• **TASK DETAILS**
Where the line containing "Shape Crossbody Bag" appears, start repeating, and continue exactly through the last line below, adding nothing. Include no pictures.

(RECORDS SHOWN)

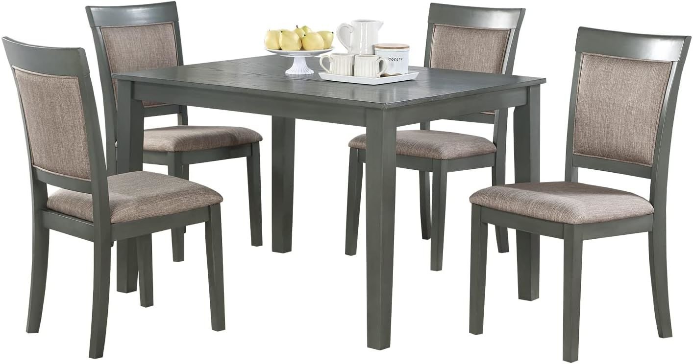 5pc Dining Room Set Dining Table w wooden Top Cushion Seats Chairs Kitchen Breakfast Dining room Furniture Oak Veneer Unique Design
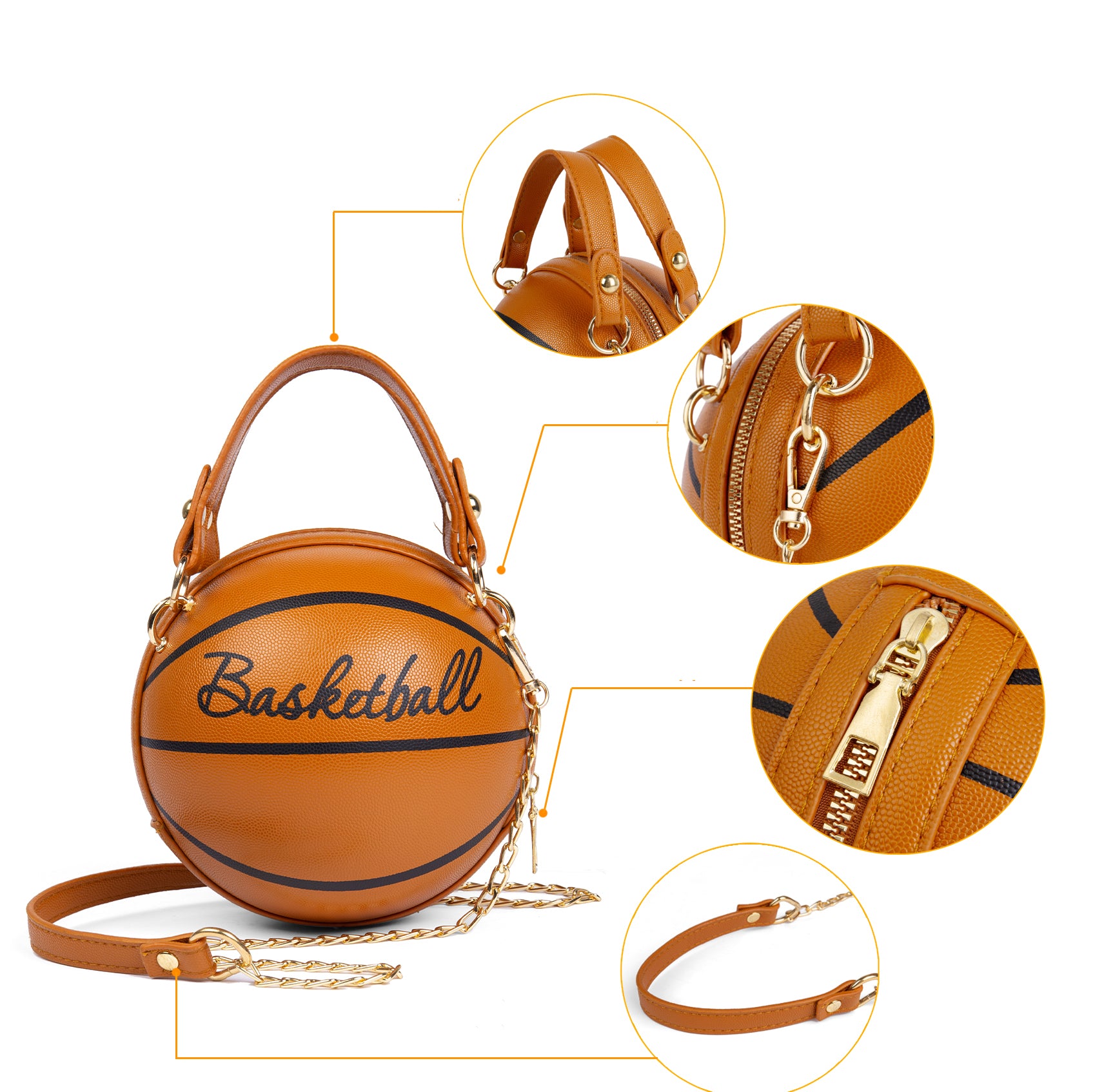 【Durable Material】:High Quality Durable PU Leather Inner Fabric Polyester Handmade Leather High-quality Ladies Shoulder Bag Cute Basketball Shape Crossbody Bag
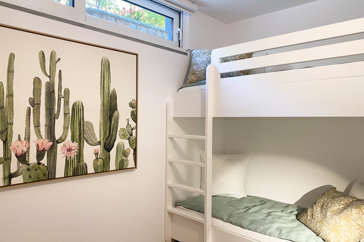 1 חדר מיטת ילדים אחד עם 2 מיטות קומותיים.
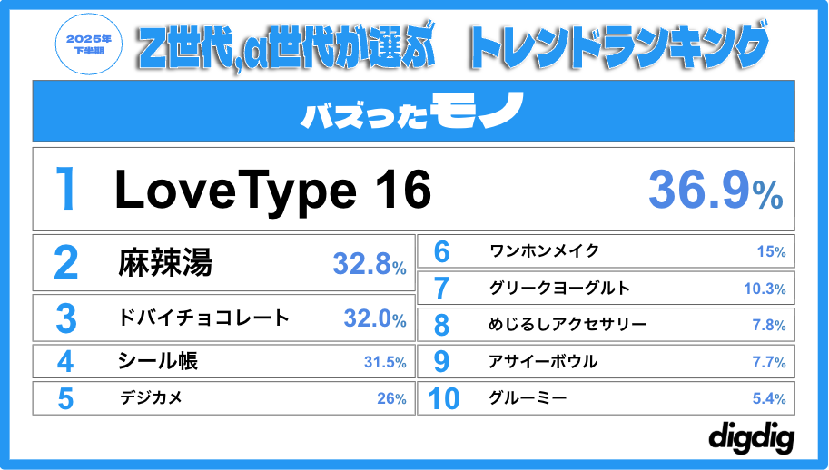 若者特化ファッションメディアを運営するdigdigは、自社が運営するメディアの読者を対象に、Z世代およびα世代の女子を中心としたトレンド調査を実施し、「Z世代・α世代が選ぶ2025年下半期トレンドランキング」を発表した。
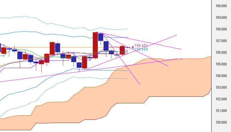 ・日足、22-23日の下降ラインを上抜く。17日-26日の上昇ラインがサポート。22日-26日の下降ラインが上値抵抗。5日線、20日線下向く
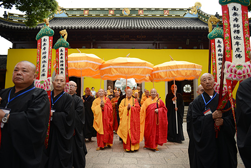 三师步入天宁禅寺
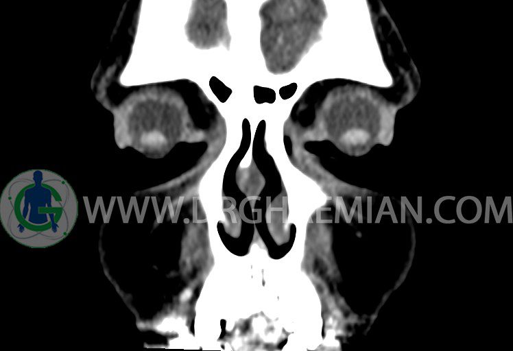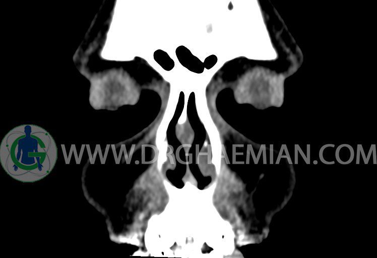 شواهدی از توده، سطح گاز – مايع، کدورت سينوسها، افزايش ضخامت مخاط ديواره سينوسها، اروژن ديواره سينوسها و دنسيتی غير طبيعی ديده نمی شود.
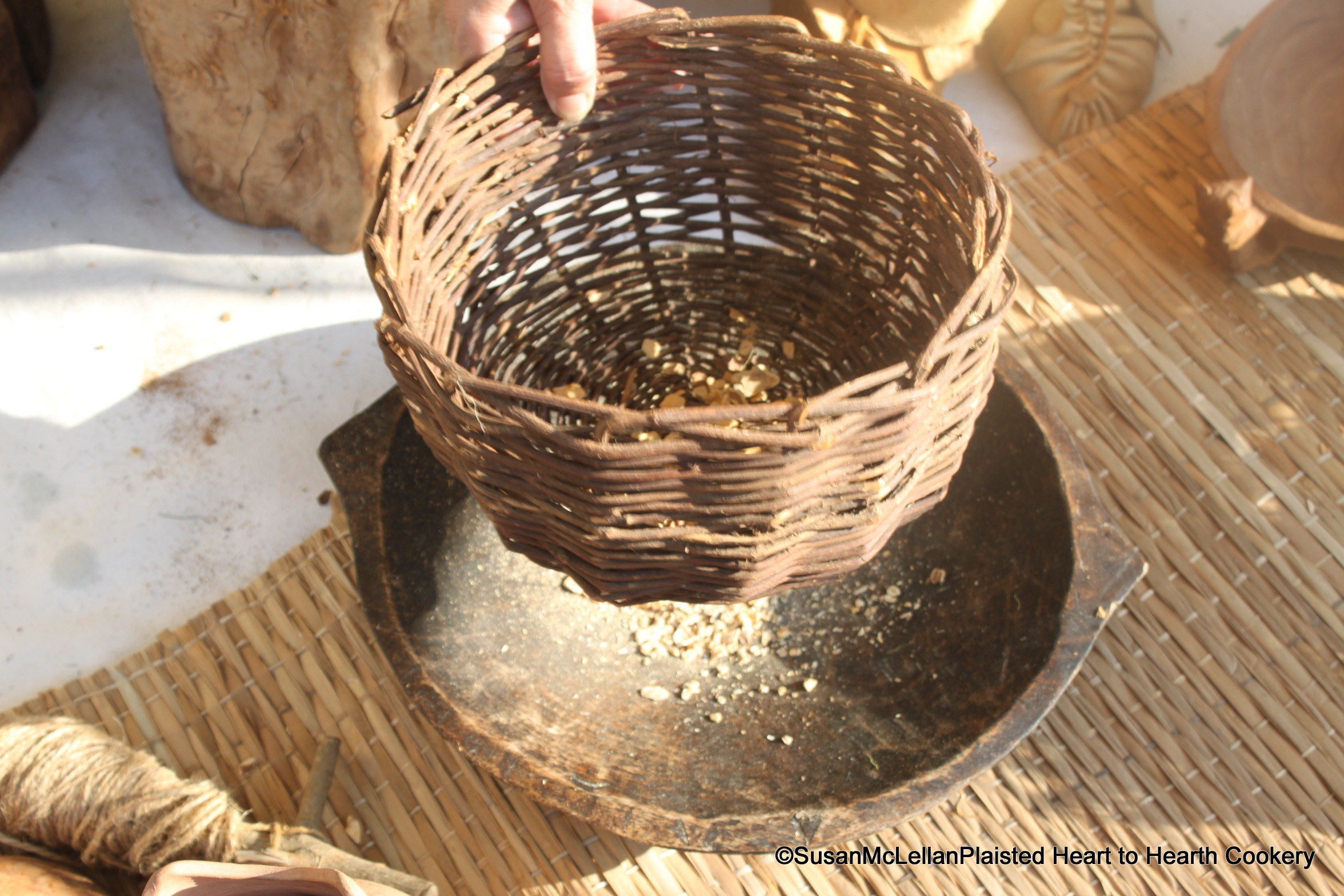 Only the finest of the particles of the pounded dried squash sift through the grape vine basket into the wood bowl for preparing a dried squash cake.

(End RECORDS SHOWN)

• **EXERCISE OUTPUT**
 【Durable Material】:High Quality Durable PU Leather Inner Fabric Polyester Handmade Leather High-quality Ladies Shoulder Bag Cute Basketball Shape Crossbody Bag
 1 חדר מיטת ילדים אחד עם 2 מיטות קומותיים.
 若者特化ファッションメディアを運営するdigdigは、自社が運営するメディアの読者を対象に、Z世代およびα世代の女子を中心としたトレンド調査を実施し、「Z世代・α世代が選ぶ2025年下半期トレンドランキング」を発表した。
 ・日足、22-23日の下降ラインを上抜く。17日-26日の上昇ラインがサポート。22日-26日の下降ラインが上値抵抗。5日線、20日線下向く
 三师步入天宁禅寺
 شواهدی از توده، سطح گاز – مايع، کدورت سينوسها، افزايش ضخامت مخاط ديواره سينوسها، اروژن ديواره سينوسها و دنسيتی غير طبيعی ديده نمی شود.
 Only the finest of the particles of the pounded dried squash sift through the grape vine basket into the wood bowl for preparing a dried squash cake.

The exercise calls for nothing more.